Focusing upon the tools to measure outcomes, there are a near endless number available. In order to determine what outcome measures to use, it is important to first decide what it is you want to measure. Dr. Saunders highlighted a few measures and some things to consider when selecting them. The Expected Consequences of Hearing Aid Ownership (ECHO) and the Satisfaction with Amplification in Daily Life questionnaire (SADL) are complementary questionnaires. Using these outcome assessments in a clinical setting, you can compare hearing aid expectations with actual hearing aid outcomes. If you are interested in knowing what the patient wants from their hearing aids, the Glasgow Hearing Aid Benefit Profile (GHABP) and the Client Oriented Scale of Improvement (COSI) are two questionnaires reflecting a client’s needs and limitations in situations of their choosing. The International Outcome Inventory for Hearing Aids (IOI-HA), which has a research focus, and the Psychosocial Impact of Assistive Devices Scale (PIADS) which measures quality of life, were also discussed. The PIADS is a Canadian developed measure that assesses competence, adaptability and perceived impact on self-esteem. This 26-item questionnaire is not specific to hearing aid outcome and can be applied to the use of any assistive device.
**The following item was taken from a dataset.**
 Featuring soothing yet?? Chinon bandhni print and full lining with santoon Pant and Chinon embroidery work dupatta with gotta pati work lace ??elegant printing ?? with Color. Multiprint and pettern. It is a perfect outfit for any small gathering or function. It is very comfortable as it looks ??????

To conclude her presentation, Dr. Saunders provided examples of the value of outcome measures. Referencing her 2012 research paper with Dr. Anna Forsline, “Hearing-aid counseling: Comparison of single-session informational counseling with single-session performance-perceptual counseling”, Dr. Saunders showed how a single session of hearing aid counseling that included a review of a client’s test results could influence their satisfaction with their hearing aids. Long term hearing aid users were provided with a graphical representation of their speech reception threshold in noise in aided and unaided conditions. Their results were then compared with age-specific norms and whether or not they were getting benefit from their hearing aids was discussed. Eight weeks after the counseling session, participants returned and over 50% had altered perceptions about their hearing ability. Participants had a better understanding of their hearing limitations and could share this information with family to help them better understand the impacts of hearing loss. When participants could see from the graph the aided benefit in noise they were receiving from using their hearing aids, they were convinced the aids were helping them. She has also found that the act of filling out questionnaires can result in participants reflecting more upon their personal difficulties and have greater acceptance of the need to wear hearing aids.
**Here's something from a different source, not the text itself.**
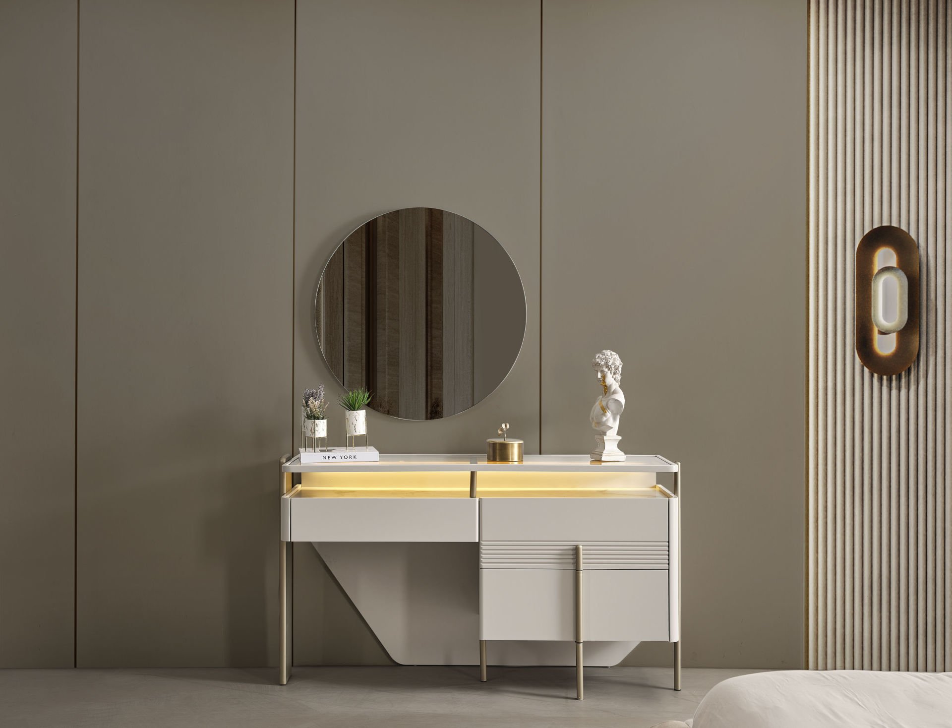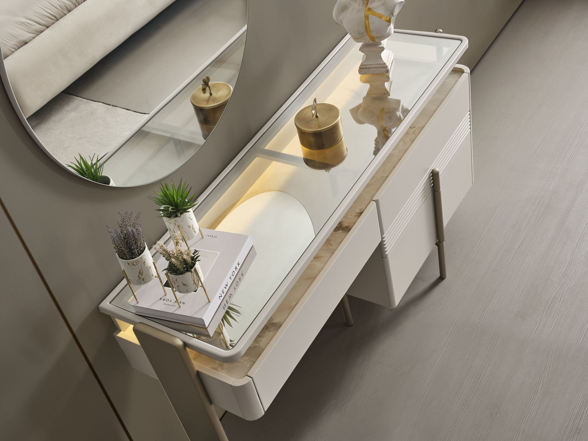 - Vega Yatak Odası , 1 Adet 6 kapılı dolap, 2 adet komodin, 1 adet bazasız karyola başlık, 1 adet Şifonyer ve aynasından oluştadır.

As clinicians we can learn so much by performing outcome measures. We are able to gather information to make informed decisions in our practice and provide proof of effectiveness. Using outcome measures reflects clinical expertise and a desire for improvement. Dr. Saunders spoke not on the value of measuring outcomes for every client, but on the need. Consider your next client and how you can better serve them – what outcome measures will you use?